At the beginning of the 1960s, King Vidor largely retired from the screen and began teaching film theory at UCLA. He had already published his autobiography 'A Tree is a Tree' in 1953. In 1964, he won a special prize at the Edinburgh Film Festival. In 1979, he was finally awarded an honorary Oscar for his complete works, having been nominated five times for an Oscar himself. In the same year, he also released the documentary The Metaphor, which was his last directorial work.

In old age, he wrote the screenplay 'The Actor', inspired by the life of James Murray, the lead actor in The Crowd (King Vidor, 1928), whose alcoholism ruined his promising career and led to his early death. Robert De Niro and Ryan O'Neal were interested in the lead role, but Vidor was no longer able to realise the film. He last appeared in front of the camera for the comedy Love & Money (James Toback, 1981) and received much praise for his supporting role as the senile grandfather.

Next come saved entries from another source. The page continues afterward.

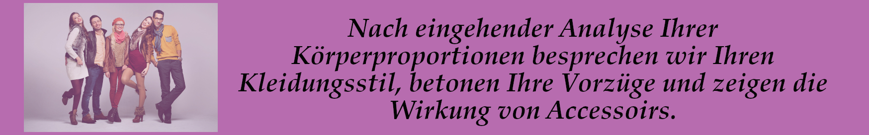 In der Beratung starten wir mit einer eingehenden Analyse ihrer Gesichtsform mit zusätzlichen wertvollen Kosmetik- und Frisurtipps. Anschließend schauen wir uns sehr genau Ihre Körperlinie und –proportionen an und ich zeige Ihnen, wie Sie Problemzonen gekonnt kaschieren können. Ein weiterer Schwerpunkt ist die Ermittlung ihres Grund-Stiltypes und wie Sie eine gezielte Außenwirkung erreichen können, durch Entwicklung des eignen Looks der zu Ihnen, Ihrem Stil und den jeweiligen Bedürfnissen des Anlasses passt.
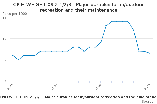 Download this time seriesCPIH WEIGHT 09.2.1/2/3 : Major durables for in/outdoor recreation and their maintenance
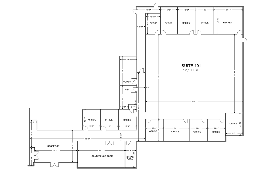 | Additional information | Two suites available: • Suite 101 (12,100 SF) Office suite with private offices and large open area. • Suite 106 (8,350 SF) Office/flex space which could be configured multiple ways. |
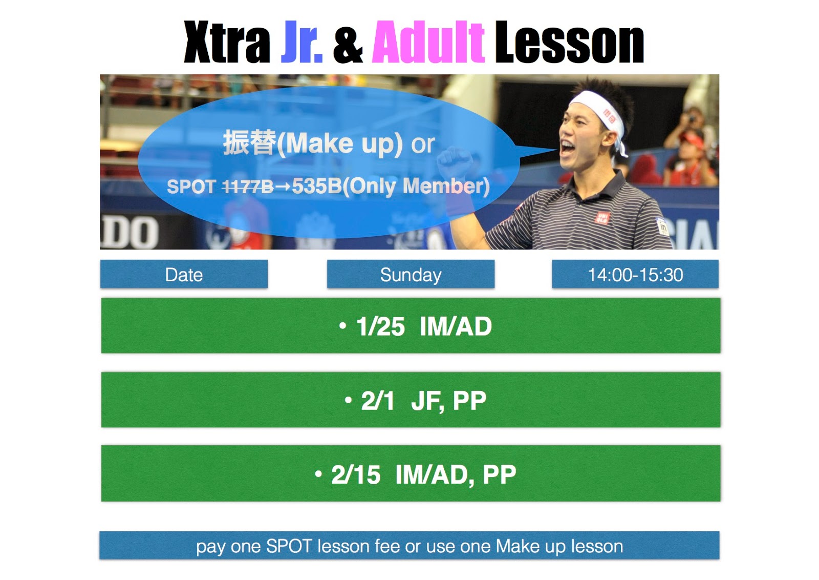 1月、2月の日曜日、エクストラレッスンのお知らせです。

Vidor was married three times and worked together professionally with all three wives. He made numerous films with Florence Vidor during their marriage from 1915 to 1924. Their child Suzanne (1918-2003) was later adopted by Florence's new husband Jascha Heifetz. Vidor was married to actress Eleanor Boardman from 1926 to 1931; their daughters were Antonia (1927-2012) and Belinda (1930). Boardman played the female lead in The Crowd, among others. The later custody disputes over the two daughters were to accompany Vidor for a good two decades.

In 1932, he married Elizabeth Hill, who worked as a screenwriter on some of his films and with whom he remained together until her death in 1978. Vidor devoted the last 25 years of his life to painting. King Vidor died of heart disease at his ranch in Paso de Robles, California, in 1982 at the age of 88. After his death his ashes were scattered on the grounds of his ranch.

King Vidor's career as a director spanned a total of 67 years from 1913 to 1980, which even earned him an entry in the Guinness Book of Records as the American director with the longest directing career. Critics find it difficult to discern a clearly recognisable style in Vidor's work: He frequently oscillated between his own dream projects and routine productions for the major Hollywood studios. Like many Hollywood directors of his time, he directed films from almost all genres, but he was also an experimental director who sought a certain narrative style based on the subject matter and not the other way round.